## Exercise description
Retype the lines below exactly, but only those from the line that has "Мраморный Гранд, компания" through the line that has "This is my first". Omit every picture.

## Material supplied
»»

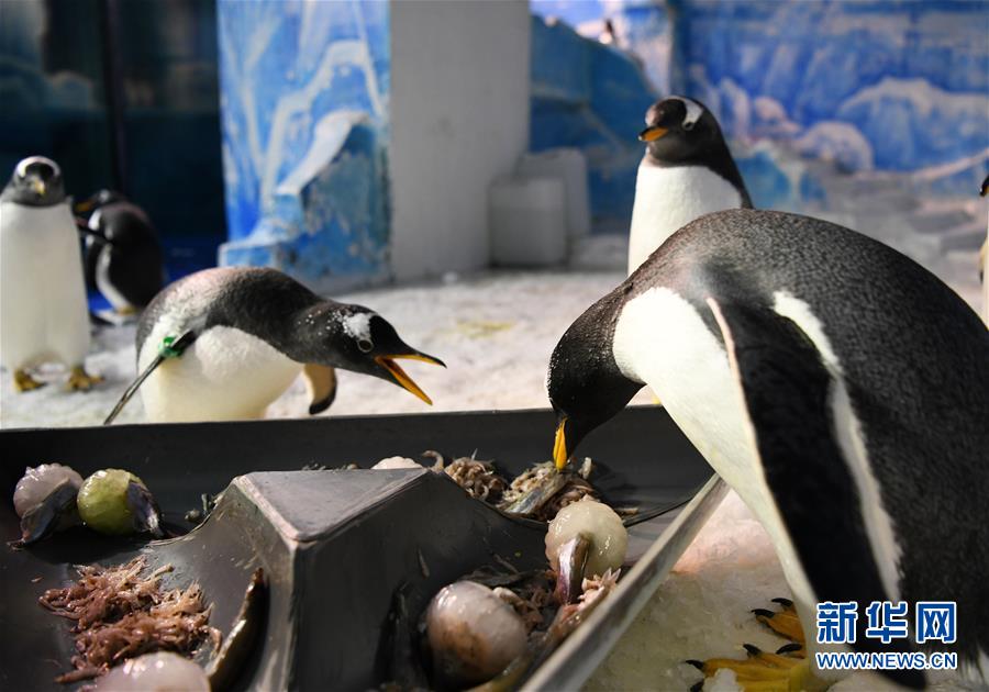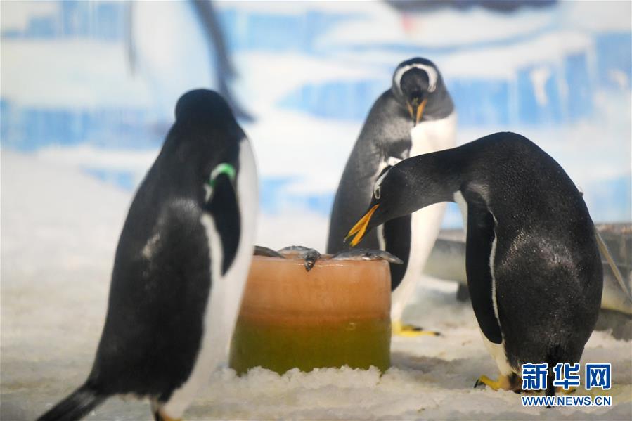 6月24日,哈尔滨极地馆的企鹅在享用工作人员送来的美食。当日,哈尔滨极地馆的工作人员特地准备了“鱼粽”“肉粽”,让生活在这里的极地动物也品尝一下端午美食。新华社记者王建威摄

««
»»

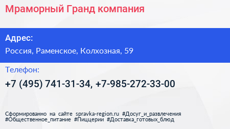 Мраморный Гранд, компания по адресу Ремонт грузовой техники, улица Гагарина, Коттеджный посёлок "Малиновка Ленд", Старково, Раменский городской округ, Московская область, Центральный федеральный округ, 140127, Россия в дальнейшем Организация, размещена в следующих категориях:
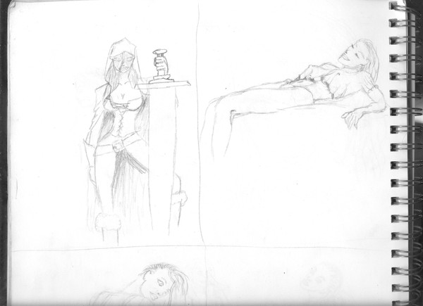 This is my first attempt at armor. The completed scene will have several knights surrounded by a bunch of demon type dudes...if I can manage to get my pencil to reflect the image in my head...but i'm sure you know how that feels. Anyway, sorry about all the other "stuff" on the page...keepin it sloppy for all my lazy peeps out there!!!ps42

««

## Finished task
 Мраморный Гранд, компания по адресу Ремонт грузовой техники, улица Гагарина, Коттеджный посёлок "Малиновка Ленд", Старково, Раменский городской округ, Московская область, Центральный федеральный округ, 140127, Россия в дальнейшем Организация, размещена в следующих категориях:
 This is my first attempt at armor. The completed scene will have several knights surrounded by a bunch of demon type dudes...if I can manage to get my pencil to reflect the image in my head...but i'm sure you know how that feels. Anyway, sorry about all the other "stuff" on the page...keepin it sloppy for all my lazy peeps out there!!!ps42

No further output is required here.